Stored entries:
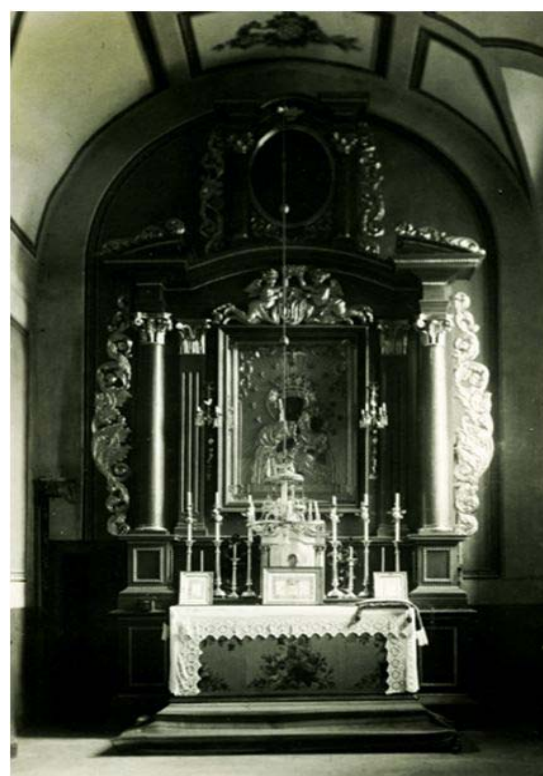
Рис. 5. Боковой алтарь костела доминиканцев в Новогрудке, до 1939 г.

хранившимися интерьерами, при этом нет никаких сведений о том, каким было их первоначальное убранство. В связи с этим часто возникает вопрос использовать ли современные формы или придерживаться барочной архитектуры? Практика показала, что применение ордерной системы и барочных элементов современными мастерами ведет к искажению форм и не приносит желаемого эстетического восприятия. Наилучшим вариантом является проект, исполненный в современных формах, не наследующих стиль барокко и рококо. Одновременно возникают проблемы, связанные с функциональными, теологическими, этическими и эстетическими задачами [5, с. 31–35]. Поэтому, опираясь на теологические знания, необходимо руководствоваться принципом использования общепринятой христианской символики.
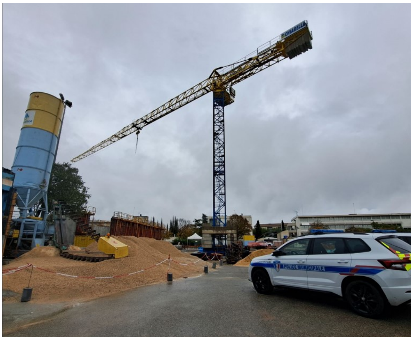
Le chantier du futur poste de la police municipale d'Orange.
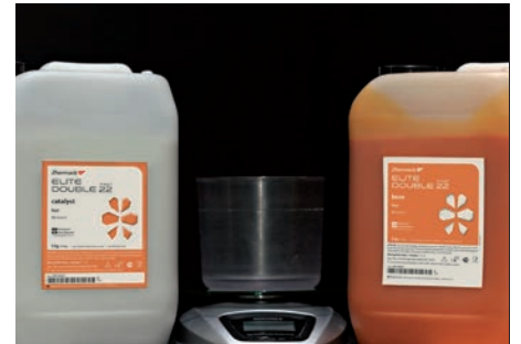
3. Dosificar la base y el catalizador Elite Double (relación 1:1)
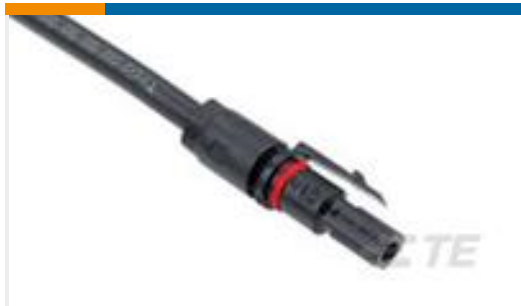
TE 产品编号1987559-1 PHOTOVOLTAIK CONNECTOR, 2.5 sqmm
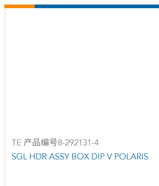
TE 产品编号8-292131-4 SGL HDR ASSY BOX DIP V POLARIS

■ EXERCISE INSTRUCTIONS: In the copy, include each entry exactly as written and none of the pictures.

■ THE COMPLETED TASK:
Рис. 5. Боковой алтарь костела доминиканцев в Новогрудке, до 1939 г.

хранившимися интерьерами, при этом нет никаких сведений о том, каким было их первоначальное убранство. В связи с этим часто возникает вопрос использовать ли современные формы или придерживаться барочной архитектуры? Практика показала, что применение ордерной системы и барочных элементов современными мастерами ведет к искажению форм и не приносит желаемого эстетического восприятия. Наилучшим вариантом является проект, исполненный в современных формах, не наследующих стиль барокко и рококо. Одновременно возникают проблемы, связанные с функциональными, теологическими, этическими и эстетическими задачами [5, с. 31–35]. Поэтому, опираясь на теологические знания, необходимо руководствоваться принципом использования общепринятой христианской символики.
Le chantier du futur poste de la police municipale d'Orange.
3. Dosificar la base y el catalizador Elite Double (relación 1:1)
TE 产品编号1987559-1 PHOTOVOLTAIK CONNECTOR, 2.5 sqmm
TE 产品编号8-292131-4 SGL HDR ASSY BOX DIP V POLARIS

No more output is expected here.